France considering increased taxes for major companies – Le Monde

The French government is seeking to reestablish authority over public finances while preparing for the 2025 budget. Read Full Article at RT.com

France considering increased taxes for major companies – Le Monde
The government is aiming to stabilize public finances as it prepares for the 2025 budget.

According to Le Monde, France's new administration is considering tax increases on large corporations to address deficiencies in public finances. The proposed 2025 budget may feature an 8.5% rise in corporate tax for companies generating over €1 billion in annual revenue. These proposals, evaluated by Prime Minister Michel Barnier, include an ‘exceptional contribution’ on the profits of major firms, which would be a temporary measure expected to generate €8 billion next year.

Additionally, officials are exploring the possibility of implementing a tax on share buybacks, a strategy where companies repurchase their own shares to reduce the available supply in the market and, as a result, enhance their value. Le Monde reported that a new tax on buybacks could yield approximately €200 million, potentially targeting firms like BNP Paribas, luxury conglomerate LVMH, and energy company TotalEnergies.

Barnier’s office has refrained from commenting as the Prime Minister is set to deliver a policy speech in parliament on Tuesday, as noted by Reuters.

As of the end of June, France's public debt hit a historic €3.228 trillion, equating to 112% of the nation’s GDP, significantly surpassing the EU’s 60% guideline.
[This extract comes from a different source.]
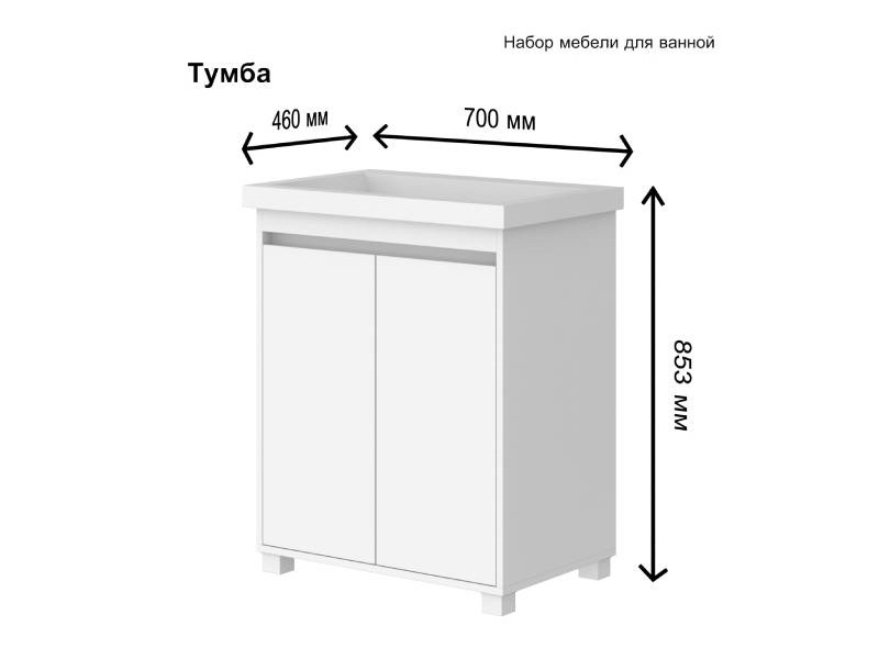 Габариты с учетом размеров раковины: (Д*Ш*В): 700*460*853 мм

Within the EU, only Greece and Italy have higher general government debt than France.

Barnier’s administration faces mounting pressure to reduce the budget deficit, which officials estimate may grow from 5.5% of GDP in 2023 to over 6% this year. The European Commission has attributed the widening deficit to sluggish tax revenues stemming from slow economic growth and decreasing inflation.

In terms of economic performance, France, the EU's second-largest economy after Germany, recorded a GDP growth rate of 0.87% in 2023 compared to the previous year. Economic activity is projected to remain subdued in 2024, with the European Commission forecasting an annual growth of 0.7%.

Budget Minister Laurent Saint-Martin indicated last week that the condition of public finances is worse than had been anticipated just days prior. Barnier, who took office earlier this month amidst protests from the largest parliamentary party, is expected to unveil his first budget by mid-October at the latest.